For a forward, that isn’t afraid to rub elbows with the best of them, and with a wicked wrist shot to boot, requiring multiple shoulder surgeries can truly derail a career. Tarasenko is expected to return by February, but can the Blues be fully certain that he’ll be as effective as he was three surgeries ago? In the long-term, the Blues should be absolutely worried.
The problem is, though, that replacing a three-time 70-plus-point producer that was on pace for 82 points before his injury in October is going to be an absolute pain to overcome. The Blues don’t have the cap space to bring in someone like Taylor Hall or Mike Hoffman, so they’ll have to upgrade from within. The Blues don’t have a budding prospect system, but fellow Russian Klim Kostin has improved his consistency issues and is starting to develop into a strong prospect, but he’s simply not ready to be an impactful top-six forward. Jordan Kyrou was impactful in spot duty with the Blues and could be a reliable 20-goal guy in the future, but both don’t come close to replacing the team’s top scorer at this stage in the game.

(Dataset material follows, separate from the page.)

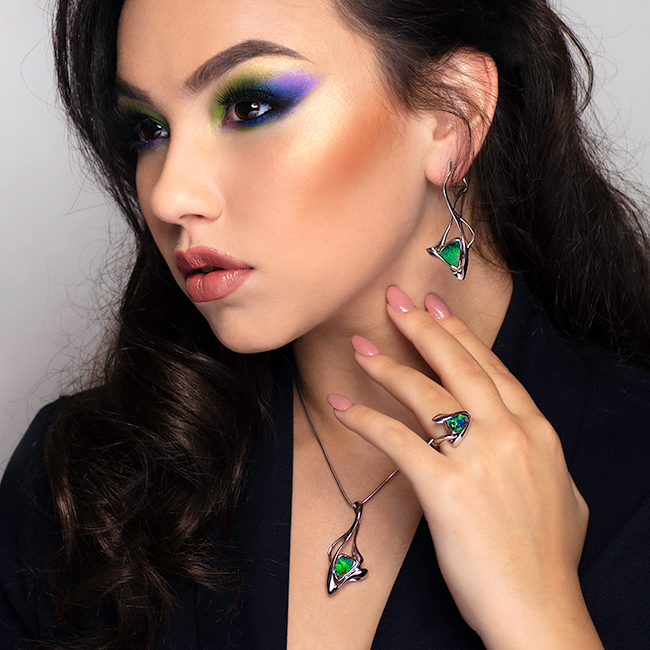 A stylized dolphin-shaped white gold pendant decorated with a unique iridescent Australian opal

Can the Blues find a suitable substitute for Tarasenko? No, but after finishing first in the WEstern Conference this season, they didn’t necessarily need him, either. Forwards Robert Thomas, Zach Sanford and Jaden Schwartz added fantastic secondary scoring behind Ryan O’Reilly, David Perron and Brayden Schenn and the Blues do have the depth to shut teams out if they need. But still, hoping everything will fall into place again – especially if Pietrangelo leaves via free agency – without the team’s top forward isn’t something the Blues should want to test without proper insurance.
Finding trust in the crease
After years of goaltending uncertainty, the Blues were gifted a miracle run out of rookie Jordan Binnington last season en route to the Stanley Cup. His Game 7 victory against Boston set an NHL rookie goaltender record with 16 wins in one post-season, beating out the likes of Ron Hextall, Patrick Roy, and Matt Murray. It was a run for the ages, with Binnington helping the Blues out of last place in the NHL at the halfway point in the season before going on the monster run that saw him earn consideration for the Calder Trophy – but Elias Pettersson had it locked up halfway through 2019-20.

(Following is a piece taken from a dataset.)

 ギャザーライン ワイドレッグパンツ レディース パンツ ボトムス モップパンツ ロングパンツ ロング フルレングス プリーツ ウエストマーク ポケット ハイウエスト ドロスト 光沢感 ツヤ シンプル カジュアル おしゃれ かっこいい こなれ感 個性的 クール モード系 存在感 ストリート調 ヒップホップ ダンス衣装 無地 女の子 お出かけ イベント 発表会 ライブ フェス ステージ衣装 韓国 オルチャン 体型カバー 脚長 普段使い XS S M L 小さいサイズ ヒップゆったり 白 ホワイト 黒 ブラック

The Blues were hoping for that same miraculous effort in 2020-21, signing Binnington to a two-year deal worth $4 million AAV. If Binnington was the real deal, the Blues were getting an absolute bargain. If not, it wouldn’t be too hard to stomach the cost in the short-term. Binnington wasn’t bad by any means, but his stats were average enough to the point where the Blues have to wonder if he truly is the guy they can trust going into the future.
A similar goaltender to Binnington is Murray in Pittsburgh. Murray burst onto the scene in 2016 and lifted the Penguins to consecutive Stanley Cups – including one before he was officially an NHL rookie. Despite the instant success for Murray, he still didn’t have much of a background in regular-season play to earn a big contract and signed an inexpensive bridge contract worth $3.75 million to act as Pittsburgh’s starter. That was the right call for the Penguins, as Murray has struggled to find his old form and even lost the starting job to Tristan Jarry this season. With Murray set to become an RFA this fall, the Penguins have been rumored to be shopping him around, with many people believing he doesn’t have a future as a starting goalie in Pennsylvania anymore.
Why is Binnington a similar case? He didn’t find his footing in the NHL until he was 25, eight years after the Blues drafted him in 2011. Sure, Binnington was absolutely incredible in 2018-19 and was deserving of a two-year, but the Blues clearly wanted to make sure he was the real deal. And while Binnington wasn’t bad this season, his numbers saw a big drop from his rookie campaign and was one of the worst playoff goaltenders through five games, even losing the starting role to Jake Allen for a few contests. Binnington has one more year left on his contract, and if he plays anything like he did this season, the Blues could elect for an upgrade.
For now, the focus has to be on replacing Allen. Allen was traded to Montreal earlier this month after putting up some of the best numbers among backup goaltenders this season but wasn’t living up to the $4.3-million cap hit in a summer where the Blues had big decisions to make on the free agency front. Would the Blues consider bringing back Brian Elliott, a goaltender with previous success in a Bluenote uniform? What if the Stars let Anton Khudobin go, do they chase after him? Or do the Blues believe enough in Ville Husso to give him another shot at the backup spot? That would be ideal, assuming the Blues believe Joel Hofer is ready to make the jump to the AHL before making the eventual jump to the Blues full-time in about two years.
The Blues won’t make a big splash in the crease this off-season and will continue to ride Binnington for at least another season, but if the post-season has proven anything, it’s that having a good backup goalie is so vital to today’s NHL. The Blues traded away their safety net with the goal of creating cap space, but now they need to find someone equally as effective for a fraction of the price.